To Say Nothing of the Dog blends several genres: science fiction, fantasy, romance, mystery, adventure, comedy, and historical fiction. Whatever its category, it's a smart, fun read.
Time travel in 2057 has become so easy that protagonist Ned Henry is able to shuttle between Oxford's time travel research project to 1940 to 1888 within the space of a few hours. His mission — to appease a project funder by locating a bishop "bird stump," an ugly Victorian artifact that may or may not have been disintegrated in the 1940 Nazi bombing of Coventry Cathedral — has sent him on too many "drops" in a short time, producing advanced time lag. Ned is sent to 1888 to recover in the supposedly sedate Victorian era but is drawn into a mystery that has more serious consequences for humankind than what happened to the bishop's bird stump. Another research project historian has carried a cat from 1888 to 2057 — an "incongruity" (it's thought that nothing can be carried forward from its own time) that threatens to change the past.
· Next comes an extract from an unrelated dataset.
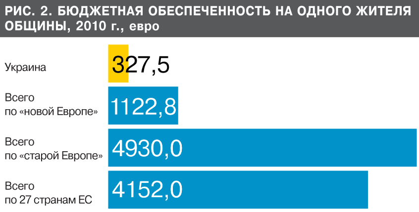 Есть над чем задуматься, если у нас в будущее общины вкладывается около 240 грн на одного жителя, а в странах "новой Европы" - почти 2,5 тыс. грн и "старой Европы" - около 5 тыс. грн (см. рис. 6).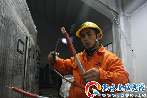 圖為凱里供電局城區(qū)分局配網(wǎng)運(yùn)維班的師傅正在加緊制作加裝變壓器的電纜頭,確保“凱里一節(jié)一會(huì)”安全可靠用電。 (石冰)

Not surprisingly, Ned falls in love with the beautiful historian as they struggle to stop history from altering itself — and to find the bird stump. As author Willis pulls together all of the pieces at the end, she proves herself adept at philosophy as well as rip-snorting storytelling. To Say Nothing of the Dog delivers a poignant message about the interconnectivity of everything in the world: nothing is insignificant, everything (even a cat) matters.
Wondering where the title of the book came from? It's the subtitle of Jerome K. Jerome's hilarious Three Men in a Boat (1889), whose characters actually cross Ned's path. Willis also drops allusions to Dorothy L. Sayers, Agatha Christie, and Wilkie Collins — for fans of those authors, that's icing on a delectable cake.